## What this task involves
Reproduce the listing in full. Omit the pictures.

## Supplied data
=== Section Start ===
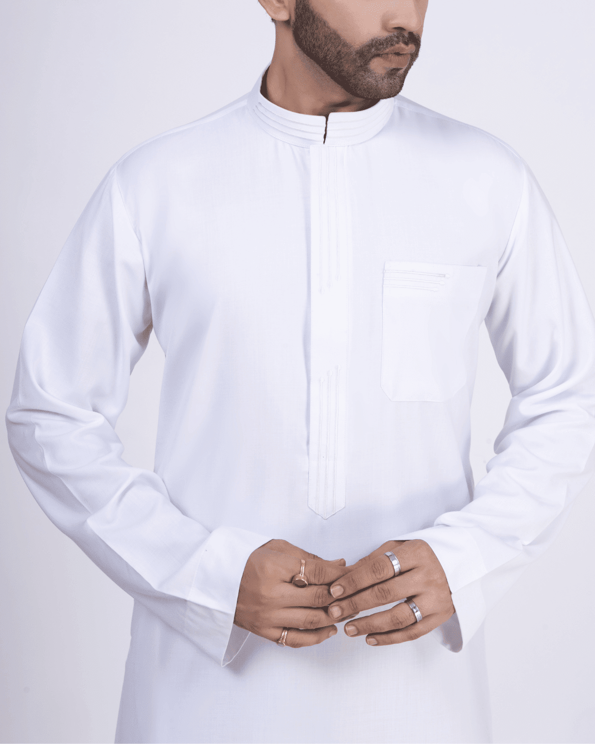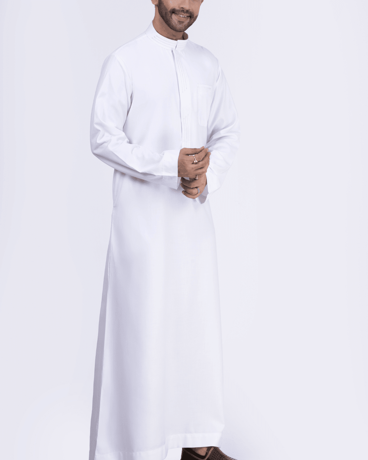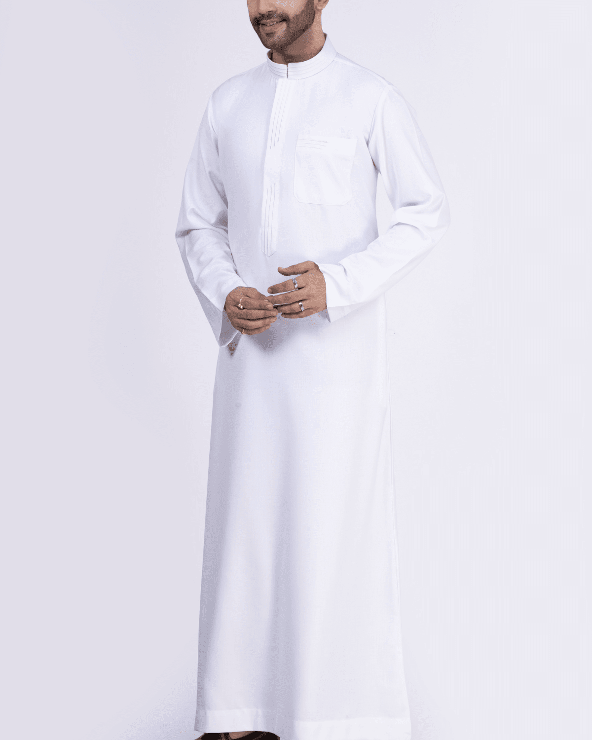 This classic white thobe is crafted with a smooth plain finish, highlighted by a neatly stitched vertical placket and traditional band collar.
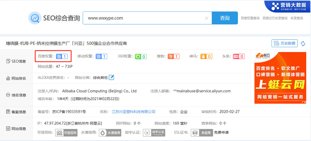 1、百度權(quán)重:1,移動權(quán)重:1
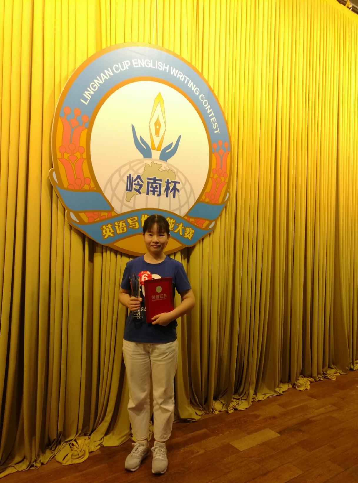 本次复赛采取运用写作技能和语法知识的笔试形式,产生三等奖与优秀奖,并选出晋级决赛的选手。决赛通过作文要点阐述和答辩、英语国家文化和写作知识问答、现场看图写作这三轮比赛决出特等奖、一等奖和二等奖。宁澳凭借流利的口语和流畅的答辩高分晋级最后两轮比赛。可惜在第二轮知识问答环节,过于紧张,错了两题,三轮比赛总分跟特等奖第二名选手仅仅相差1.6分落选,夺得一等奖。由于岭南杯写作比赛赛制复杂,考验选手的英语基础、口语、写作等综合素质,能晋级决赛最后两轮的选手实力可见一斑。
=== Section End ===
## Response to this exercise
 This classic white thobe is crafted with a smooth plain finish, highlighted by a neatly stitched vertical placket and traditional band collar.
 1、百度權(quán)重:1,移動權(quán)重:1
 本次复赛采取运用写作技能和语法知识的笔试形式,产生三等奖与优秀奖,并选出晋级决赛的选手。决赛通过作文要点阐述和答辩、英语国家文化和写作知识问答、现场看图写作这三轮比赛决出特等奖、一等奖和二等奖。宁澳凭借流利的口语和流畅的答辩高分晋级最后两轮比赛。可惜在第二轮知识问答环节,过于紧张,错了两题,三轮比赛总分跟特等奖第二名选手仅仅相差1.6分落选,夺得一等奖。由于岭南杯写作比赛赛制复杂,考验选手的英语基础、口语、写作等综合素质,能晋级决赛最后两轮的选手实力可见一斑。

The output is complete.